Submitted to: Journal of the American Mosquito Control Association
Publication Type: Peer Reviewed Journal
Publication Acceptance Date: 6/19/2009
Publication Date: 10/30/2009
Citation: Bentley, M.T., Kaufman, P.E., Kline, D.L., Hogsette, J.A. 2009. Response of adult mosquitoes to light-emitting diodes placed in resting boxes and in the field. Journal of the American Mosquito Control Association. 25(3):285-291. Interpretive Summary: The resting behavior of many mosquito species is well known, and resting boxes are designed to simulate resting sites and capture mosquitoes that enter. Resting boxes are passive devices and mosquitoes that enter are those seeking shelter. Recent work showed the attraction of mosquitoes to light-emitting diodes (LEDs). Therefore, scientists from the USDA-CMAVE worked cooperatively with scientists from the University of Florida, Department of Entomology and Nematology, to improve the efficacy of resting boxes by fitting them with LEDs producing blue (470 nm), green (502 nm), red (660 nm), and Infra Red (860 nm) light. Nearly half of mosquitoes were captured in resting boxes with green LEDs. Resting boxes without LEDs captured 22% of the mosquitoes but the least number (16.7%) of mosquitoes was collected in boxes with blue LEDs.

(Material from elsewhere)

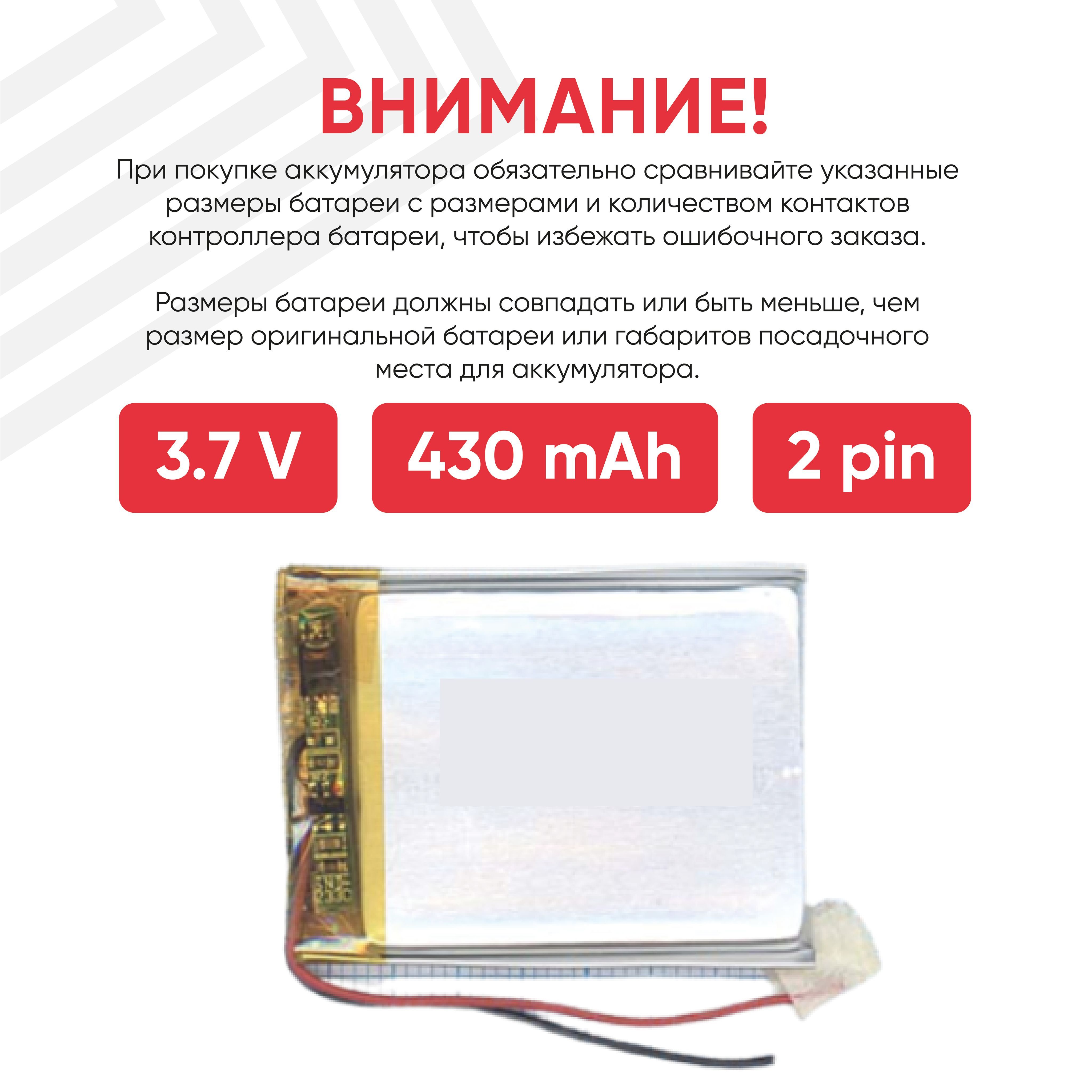 Аккумулятор видеорегистратора, планшета, игрушек, электронной книги, 4х30х40мм, 430мАч, 3.7V, Li-pol, 2pin - 1 шт.; плотная упаковка для аккумулятора 3.7V - 1 шт.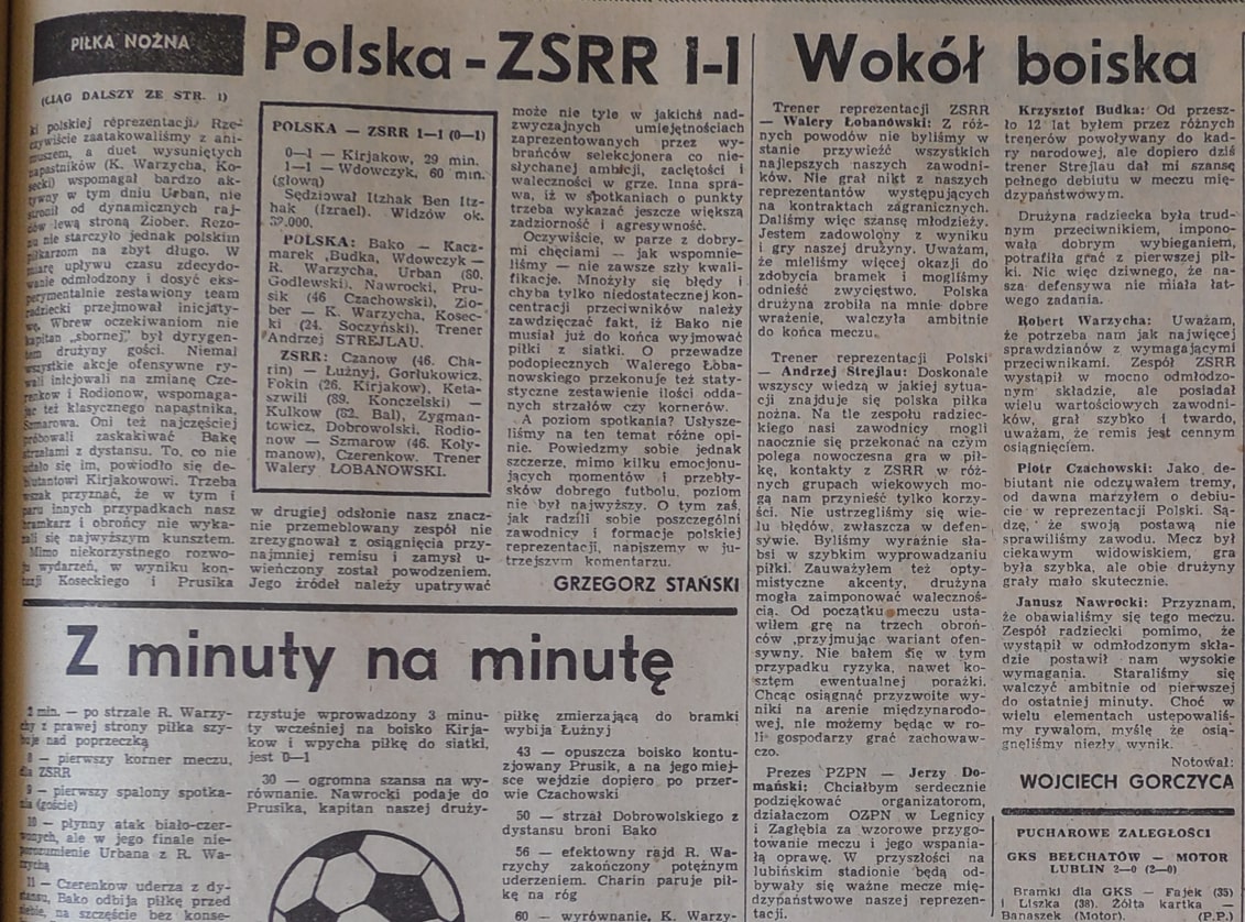 0-1 – Siergiej Kirjakow (29), 1-1 – Dariusz Wdowczyk (60)

Technical Abstract: Resting boxes are passive devices used to attract and capture mosquitoes seeking shelter. Increasing the attractiveness of these devices could improve their effectiveness. Light emitting diodes (LEDs) can be attractive to mosquitoes when used together with other trapping devices. Therefore resting boxes were fitted with LEDs producing blue (470 nm), green (502 nm), red (660 nm), and Infra Red (860 nm) light to determine if trapping efficacy could be increased. Nearly half of mosquitoes were attracted to resting boxes with green LEDs. Resting boxes without LEDs captured 22% of the mosquitoes but the least number (16.7%) of mosquitoes was collected in boxes with blue LEDs.